Task to carry out
Only the pictures are to be dropped; the rest of the data below is to be duplicated exactly.

Data
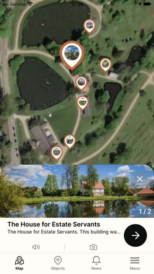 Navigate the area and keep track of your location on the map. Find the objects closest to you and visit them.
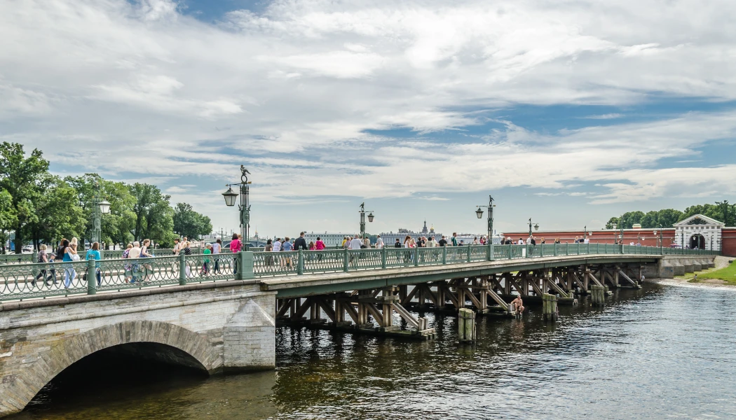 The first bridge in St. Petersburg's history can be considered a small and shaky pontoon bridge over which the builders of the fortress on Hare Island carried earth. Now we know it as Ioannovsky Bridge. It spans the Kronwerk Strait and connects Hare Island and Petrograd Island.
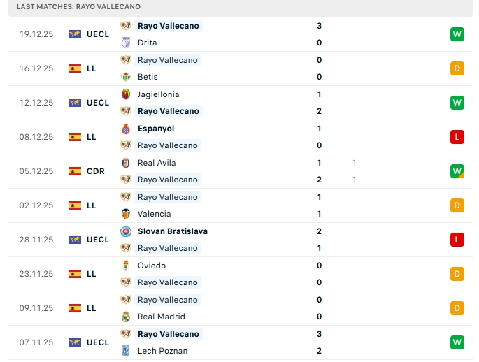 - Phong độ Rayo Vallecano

Task solution
 Navigate the area and keep track of your location on the map. Find the objects closest to you and visit them.
 The first bridge in St. Petersburg's history can be considered a small and shaky pontoon bridge over which the builders of the fortress on Hare Island carried earth. Now we know it as Ioannovsky Bridge. It spans the Kronwerk Strait and connects Hare Island and Petrograd Island.
 - Phong độ Rayo Vallecano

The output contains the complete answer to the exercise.